--- START ---
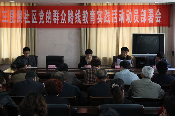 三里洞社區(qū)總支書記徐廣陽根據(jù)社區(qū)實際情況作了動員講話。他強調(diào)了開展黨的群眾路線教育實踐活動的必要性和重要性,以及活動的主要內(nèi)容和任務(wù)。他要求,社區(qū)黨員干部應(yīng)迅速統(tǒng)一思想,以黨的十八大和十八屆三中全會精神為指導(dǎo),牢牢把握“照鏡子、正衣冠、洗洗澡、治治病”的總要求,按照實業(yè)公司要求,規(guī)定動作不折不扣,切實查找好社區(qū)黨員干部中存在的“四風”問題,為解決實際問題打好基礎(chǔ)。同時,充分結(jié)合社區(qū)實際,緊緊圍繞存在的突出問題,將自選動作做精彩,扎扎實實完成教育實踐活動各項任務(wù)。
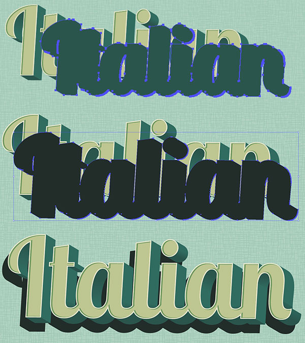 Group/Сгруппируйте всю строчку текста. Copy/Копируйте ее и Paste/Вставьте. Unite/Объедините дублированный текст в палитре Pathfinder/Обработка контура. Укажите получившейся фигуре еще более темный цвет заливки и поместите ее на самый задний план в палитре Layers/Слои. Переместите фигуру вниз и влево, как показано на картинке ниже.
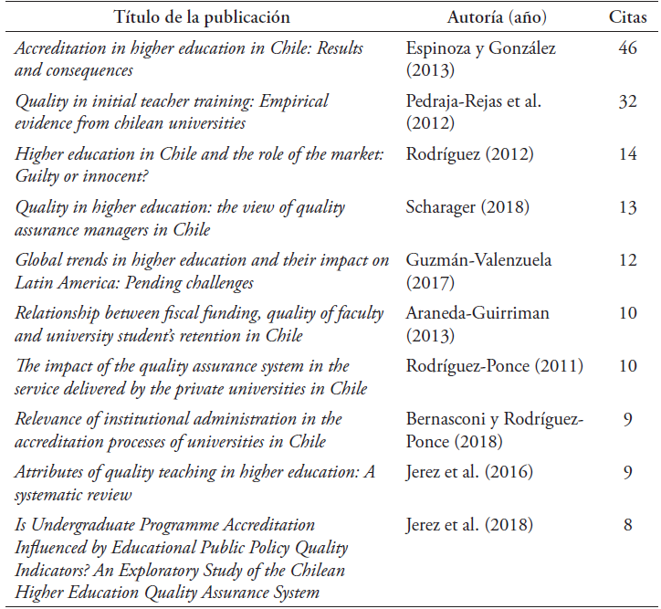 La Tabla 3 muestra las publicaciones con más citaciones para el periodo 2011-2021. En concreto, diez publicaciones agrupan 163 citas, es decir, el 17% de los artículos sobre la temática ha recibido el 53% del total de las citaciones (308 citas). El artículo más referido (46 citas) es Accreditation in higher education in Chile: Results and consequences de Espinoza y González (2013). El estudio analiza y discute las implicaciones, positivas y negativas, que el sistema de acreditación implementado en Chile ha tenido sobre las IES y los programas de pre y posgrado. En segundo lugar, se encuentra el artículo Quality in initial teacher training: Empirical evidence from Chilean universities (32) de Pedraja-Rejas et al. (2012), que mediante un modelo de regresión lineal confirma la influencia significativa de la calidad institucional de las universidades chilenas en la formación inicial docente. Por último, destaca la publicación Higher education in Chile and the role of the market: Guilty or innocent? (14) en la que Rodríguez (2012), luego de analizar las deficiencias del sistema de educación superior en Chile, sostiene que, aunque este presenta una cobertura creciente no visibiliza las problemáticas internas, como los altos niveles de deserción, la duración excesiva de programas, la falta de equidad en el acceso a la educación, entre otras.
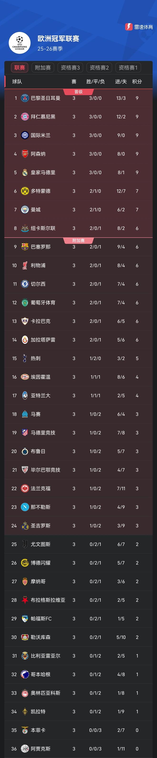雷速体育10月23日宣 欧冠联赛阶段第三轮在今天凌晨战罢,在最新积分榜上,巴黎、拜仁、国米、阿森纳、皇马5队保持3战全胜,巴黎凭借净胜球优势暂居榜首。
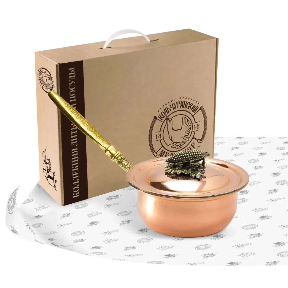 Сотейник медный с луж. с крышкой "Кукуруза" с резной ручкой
--- END ---
--- START ---
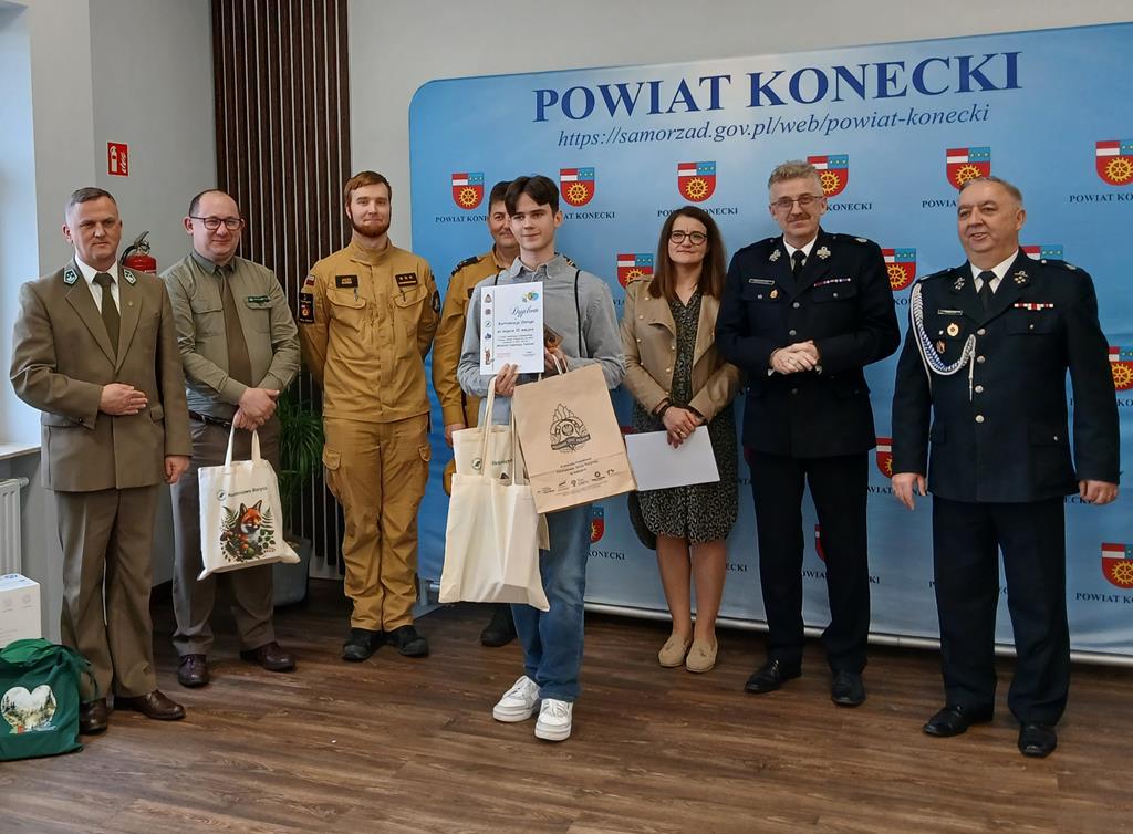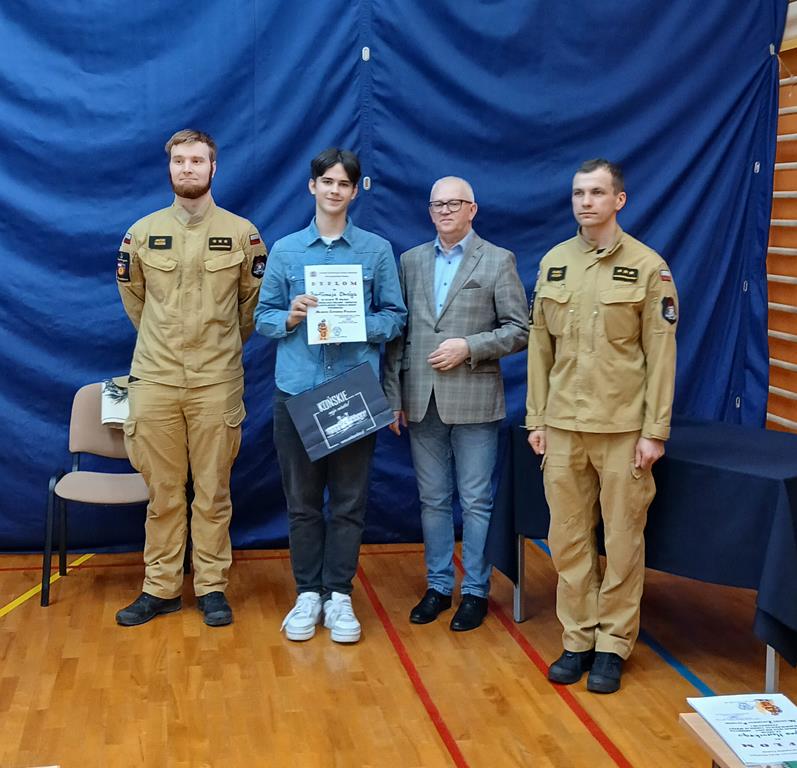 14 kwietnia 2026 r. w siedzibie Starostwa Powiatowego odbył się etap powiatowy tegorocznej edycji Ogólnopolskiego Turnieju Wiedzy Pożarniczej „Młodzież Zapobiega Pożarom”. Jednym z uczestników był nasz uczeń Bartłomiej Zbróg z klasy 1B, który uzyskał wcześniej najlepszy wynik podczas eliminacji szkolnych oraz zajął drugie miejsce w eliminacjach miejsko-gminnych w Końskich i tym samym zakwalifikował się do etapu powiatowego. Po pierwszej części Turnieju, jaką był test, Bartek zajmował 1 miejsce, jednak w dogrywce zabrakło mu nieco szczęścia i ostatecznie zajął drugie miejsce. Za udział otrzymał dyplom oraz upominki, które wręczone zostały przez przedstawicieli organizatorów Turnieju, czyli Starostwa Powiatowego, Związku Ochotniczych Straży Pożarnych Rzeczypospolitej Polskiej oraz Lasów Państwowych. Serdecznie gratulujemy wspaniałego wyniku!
--- END ---
--- START ---
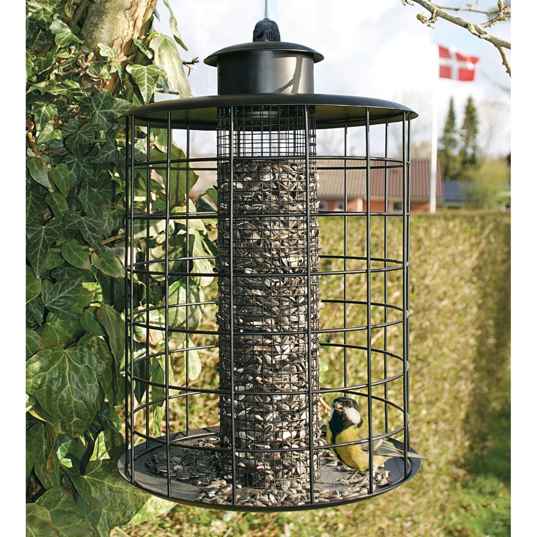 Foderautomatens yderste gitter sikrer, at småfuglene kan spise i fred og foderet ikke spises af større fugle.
--- END ---
Description of the task:
In the listing above, find the line with "雷速体育10月23日宣 欧冠" and the line with "Сотейник медный с". Copy exactly those lines and all between them, minus the images.

Answer space:
雷速体育10月23日宣 欧冠联赛阶段第三轮在今天凌晨战罢,在最新积分榜上,巴黎、拜仁、国米、阿森纳、皇马5队保持3战全胜,巴黎凭借净胜球优势暂居榜首。
 Сотейник медный с луж. с крышкой "Кукуруза" с резной ручкой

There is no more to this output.